▸ ACTIVITY: Leaving out the images, reproduce every line of the data that follows exactly.

▸ AVAILABLE DATA:
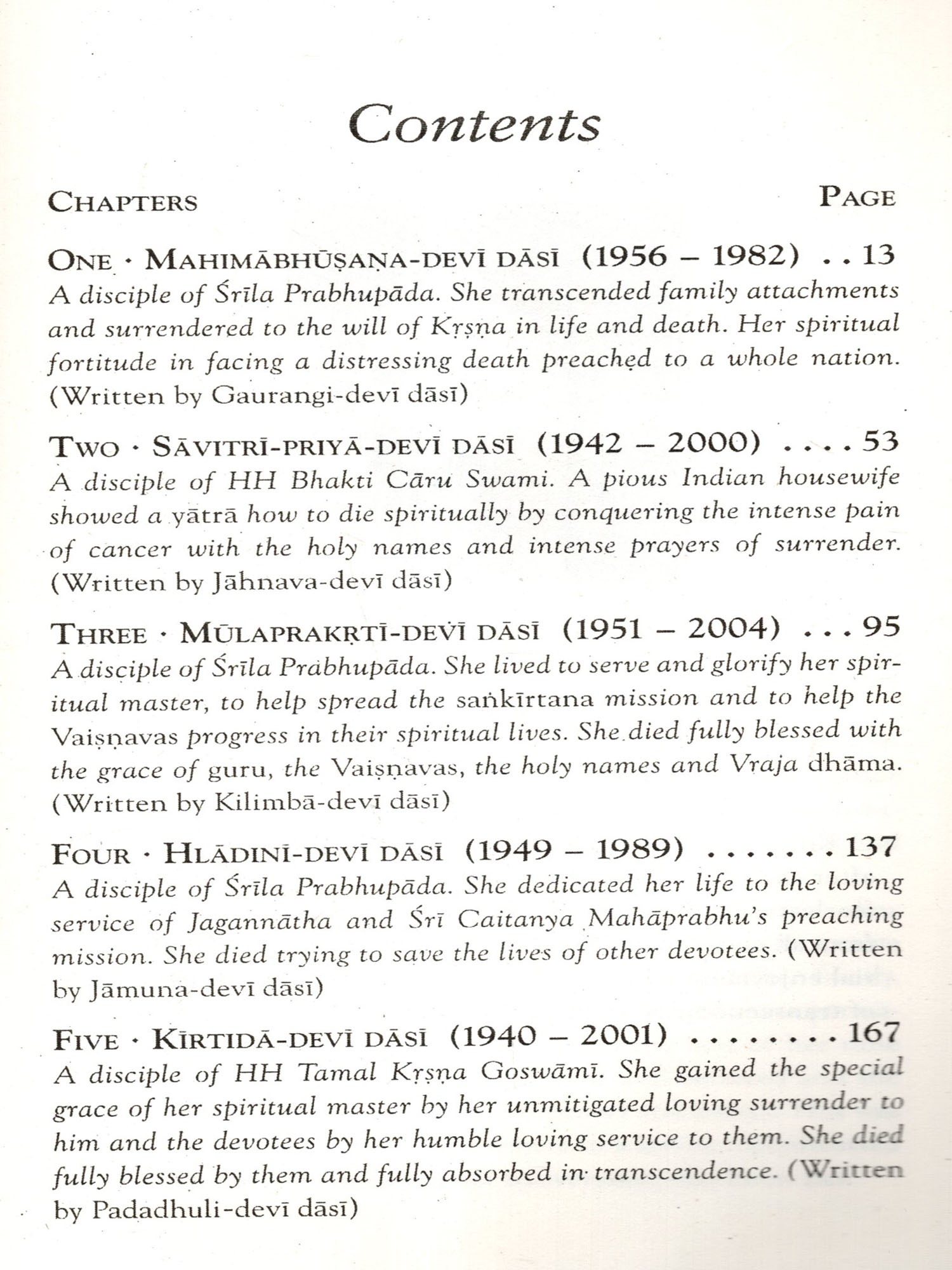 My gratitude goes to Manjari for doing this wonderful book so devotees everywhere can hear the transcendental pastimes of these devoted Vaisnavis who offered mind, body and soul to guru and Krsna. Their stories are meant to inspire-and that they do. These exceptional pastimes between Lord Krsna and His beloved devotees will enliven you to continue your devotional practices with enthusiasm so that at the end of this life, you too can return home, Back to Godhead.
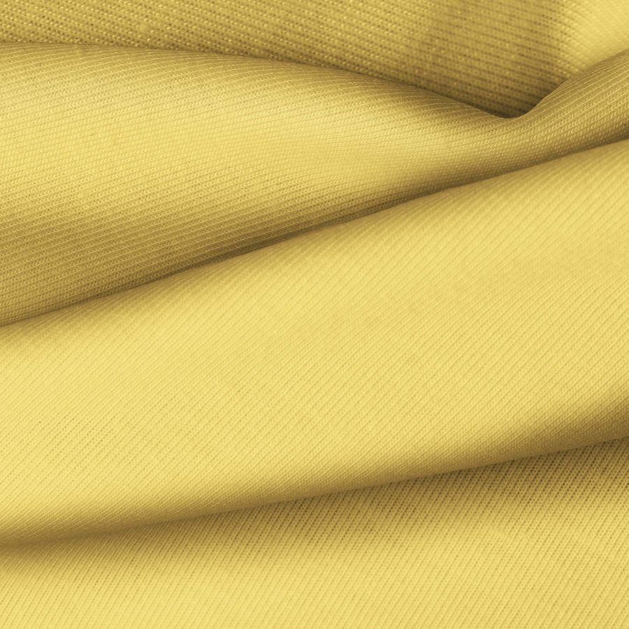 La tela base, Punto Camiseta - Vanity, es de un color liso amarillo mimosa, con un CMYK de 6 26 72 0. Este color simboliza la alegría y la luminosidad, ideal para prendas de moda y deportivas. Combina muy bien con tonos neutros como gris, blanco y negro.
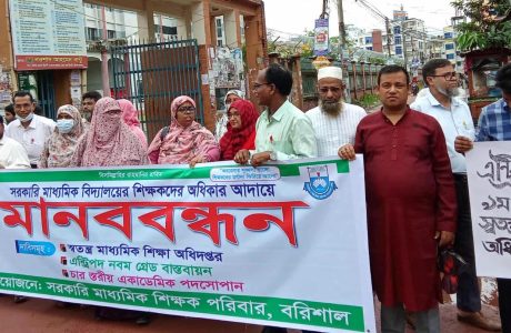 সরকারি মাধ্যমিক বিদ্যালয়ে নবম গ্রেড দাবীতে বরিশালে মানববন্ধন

▸ FINISHED EXERCISE:
 My gratitude goes to Manjari for doing this wonderful book so devotees everywhere can hear the transcendental pastimes of these devoted Vaisnavis who offered mind, body and soul to guru and Krsna. Their stories are meant to inspire-and that they do. These exceptional pastimes between Lord Krsna and His beloved devotees will enliven you to continue your devotional practices with enthusiasm so that at the end of this life, you too can return home, Back to Godhead.
 La tela base, Punto Camiseta - Vanity, es de un color liso amarillo mimosa, con un CMYK de 6 26 72 0. Este color simboliza la alegría y la luminosidad, ideal para prendas de moda y deportivas. Combina muy bien con tonos neutros como gris, blanco y negro.
 সরকারি মাধ্যমিক বিদ্যালয়ে নবম গ্রেড দাবীতে বরিশালে মানববন্ধন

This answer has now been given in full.